Monitoring Device Safety in Interventional Cardiology

Michael E. Matheny MD1*, Lucila Ohno-Machado MD, PhD1, and Frederic S. Resnic MD, MS1

Affiliation of the authors: 1 Decision Systems Group, Department of Radiology, Harvard Medical School, Boston, MA; Harvard-MIT Division of Health Sciences and Technology, Massachusetts Institute of Technology, Cambridge, MA

* To whom correspondence should be addressed.

Objective A variety of post-marketing surveillance strategies to monitor the safety of medical devices have been supported by the Food and Drug Administration, but there are few systems to automate surveillance. Our objective was to develop a system to perform real-time monitoring of safety data using a variety of process control techniques.

Design The web-based Data Extraction and Longitudinal Time Analysis (DELTA) system imports clinical data in real-time from an electronic database, and generates alerts for potentially unsafe devices or procedures. The statistical techniques used are statistical process control (SPC), logistic regression (LR), and Bayesian Updating Statistics (BUS).

Measurements We selected in-patient mortality following implantation of the Cypher drug eluting coronary stent to evaluate our system. Data from the University of Michigan consortium bare-metal stent study was used to calculate the event rate alerting boundaries. Data analysis was performed on local catheterization data from Brigham and Women's Hospital from July 01, 2003, shortly after the CYPHER release, to December 31, 2004, including 2270 cases with 27 observed deaths.

Results The single-stratum SPC had alerts in months 4 and 10. The multi-strata SPC had alerts in months 5, 10 and 18 in the moderate-risk stratum, and months 1, 4, 7, and 10 in the high-risk stratum. The only cumulative alerts were in the first month for the high-risk stratum of the multi-strata SPC. The LR method showed no monthly or cumulative alerts.

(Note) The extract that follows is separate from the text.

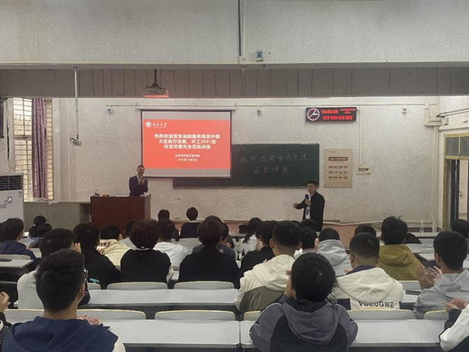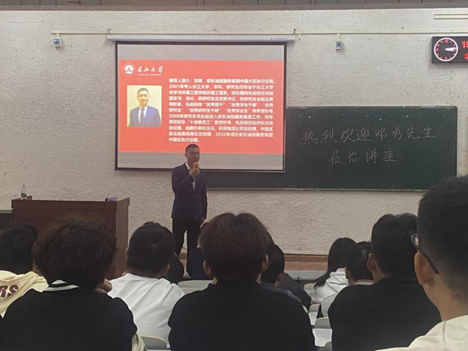 邓勇向同学们介绍了安东油田服务集团的整体情况,同时介绍了自己在安东石油一步一步从基层做起,深入钻井现场、开辟东北业务、西南业务的工作经历,很短时间内带领公司西南办事处实现销售收入破“亿元”;后来先后担任公司环保集团公司经理、中国区副总裁兼西南区总经理、中国大区执行总裁。他结合自己的求学工作经历以及安东凤凰体育赛事直连 - 2026 全网最高水位滚球 | 注册即送 588、每日洗码回馈 1.2%,向同学们分享自己的人生感悟。他表示,人因梦想而伟大,更因行动而成功。他勉励同学们要拿出勇气,拿出干劲,继续奔跑、不懈奋进,阔步新征程,昂首向未来。他向同学们分享了自我管理的十大习惯,希望同学们可以从中获得感悟,成为一名有理想、敢担当、能吃苦、肯奋斗的时代新青年。

The BUS method showed an alert in the first month for the high-risk stratum.

Conclusions The system performed adequately within the Brigham's hospital intranet environment based on the design goals. All three cumulative methods agreed that the overall observed event rates were not significantly higher for the new medical device than for a closely related medical device, and were consistent with the observation that the initial concerns about this device dissipated as more data accumulated.